Inorganic Chemistry, 2015
Solid-state stereochemistry and mobility of paramagnetic copper(II) complexes formed by aliphatic amino acids (L-alanine, D,L-alanine, 1-amino-2-methyl-alanine) and 1-amino(cyclo)alkane-1-carboxylic acids (alkane = propane, butane, pentane, hexane) as bidentate ligands has been studied by 13 C and 2 H solid-state fast magic angle spinning (MAS) NMR spectroscopy. We examined the prospective method to characterize solid-state paramagnetic compounds in a routine way. Both 13 C and 2 H MAS spectra can distinguish D,L and L,L diastereomers of natural and polydeuterated bis([D n ]alaninato)copper(II) (n = 0, 2, 8) complexes with axial and/or equatorial methyl positions (conformations) primarily due to different Fermi-contact (FC) contributions. The three-bond hyperfine couplings clearly show Karplus-like dependence on the torsional angles which turned out to be a useful assignment aid. Density functional theory calculations of the FC term and crystal structures were also used to aid the final assignments. The correlations obtained for bis(alaninato-κ 2 N,O)copper(II) complexes were successfully used to characterize other complexes.
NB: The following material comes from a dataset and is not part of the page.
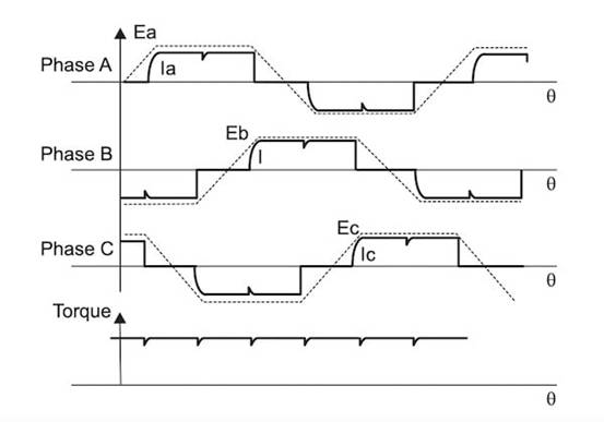 梯形控制的工作原理是在任何給定時(shí)間斷言兩個(gè)相位。因此,如上所示,在任何相位的過零期間都不會(huì)產(chǎn)生扭矩。

The usefulness of the 2 H MAS spectra of the deuterated complexes was underlined. Even the spectra of the easily exchangeable amine protons contained essential stereochemical information. In the case of a dimer structure of bis(1-aminohexane-1-carboxylato-κ 2 N,O)copper(II) both the 13 C and 2 H resolutions were good enough to confirm the presence of the cis and trans forms in the asymmetric unit. With regard to the internal solid-state motions in the crystal lattice, the obtained quadrupolar tensor parameters were similar for the D,L-and L,Lalaninato isomers and also for the cis−trans forms suggesting similar crystal packing effects, static amine deuterons involved in hydrogen bonding, and fast rotating methyl groups.